##### Data shown
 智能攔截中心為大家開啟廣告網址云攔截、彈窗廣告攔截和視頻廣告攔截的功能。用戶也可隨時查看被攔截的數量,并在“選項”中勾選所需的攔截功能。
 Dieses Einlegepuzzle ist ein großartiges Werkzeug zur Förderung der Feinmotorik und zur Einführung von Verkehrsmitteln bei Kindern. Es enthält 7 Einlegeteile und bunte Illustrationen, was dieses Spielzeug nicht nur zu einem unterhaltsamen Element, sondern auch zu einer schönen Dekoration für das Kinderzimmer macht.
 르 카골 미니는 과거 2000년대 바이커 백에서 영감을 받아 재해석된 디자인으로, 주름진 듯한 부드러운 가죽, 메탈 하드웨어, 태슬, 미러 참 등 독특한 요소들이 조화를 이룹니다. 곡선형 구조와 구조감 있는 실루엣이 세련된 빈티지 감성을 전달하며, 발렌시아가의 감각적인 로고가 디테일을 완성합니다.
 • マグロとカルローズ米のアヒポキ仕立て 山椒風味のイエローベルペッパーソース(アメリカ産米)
##########
##### Data shown
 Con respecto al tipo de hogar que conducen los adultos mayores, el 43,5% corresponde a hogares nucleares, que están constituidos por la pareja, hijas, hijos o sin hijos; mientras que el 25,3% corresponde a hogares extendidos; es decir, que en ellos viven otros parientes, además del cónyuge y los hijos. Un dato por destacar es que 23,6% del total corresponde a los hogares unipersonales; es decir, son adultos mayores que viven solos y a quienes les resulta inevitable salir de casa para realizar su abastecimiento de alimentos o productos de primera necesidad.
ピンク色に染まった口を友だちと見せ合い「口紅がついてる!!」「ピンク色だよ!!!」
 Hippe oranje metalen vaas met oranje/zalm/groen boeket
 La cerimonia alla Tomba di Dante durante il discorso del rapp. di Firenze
##########
##### Data shown
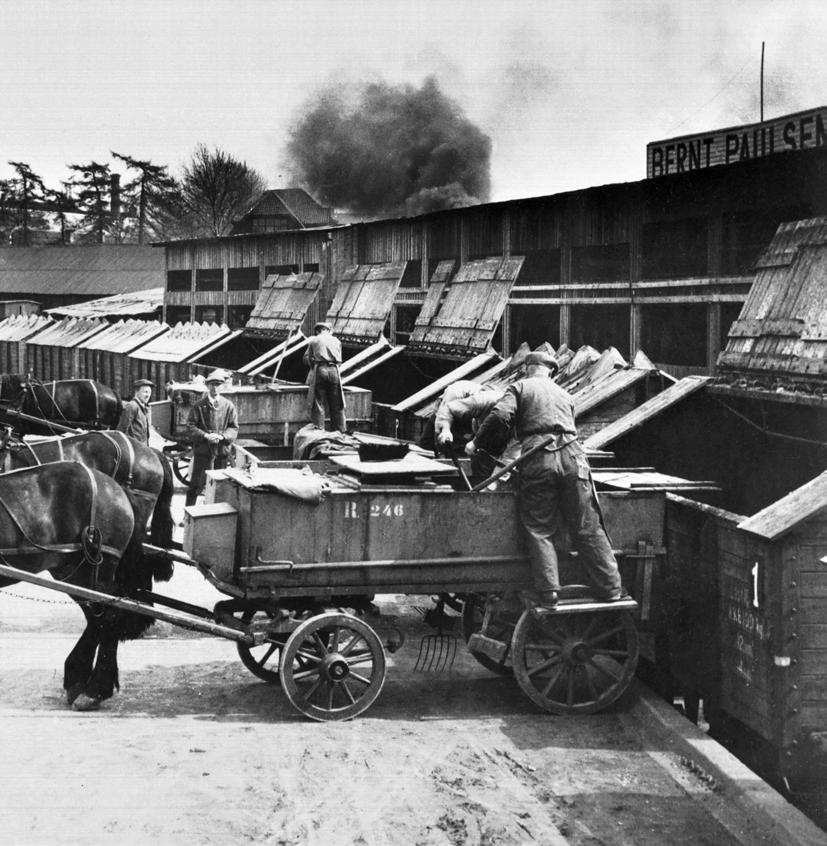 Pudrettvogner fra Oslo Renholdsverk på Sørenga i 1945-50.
##########
### Exercise directions
Above is a listing; print exactly its lines from the one with "智能攔截中心為大家開啟廣告網" through the one with "Dieses Einlegepuzzle ist", and no other lines.

### Solution below
 智能攔截中心為大家開啟廣告網址云攔截、彈窗廣告攔截和視頻廣告攔截的功能。用戶也可隨時查看被攔截的數量,并在“選項”中勾選所需的攔截功能。
 Dieses Einlegepuzzle ist ein großartiges Werkzeug zur Förderung der Feinmotorik und zur Einführung von Verkehrsmitteln bei Kindern. Es enthält 7 Einlegeteile und bunte Illustrationen, was dieses Spielzeug nicht nur zu einem unterhaltsamen Element, sondern auch zu einer schönen Dekoration für das Kinderzimmer macht.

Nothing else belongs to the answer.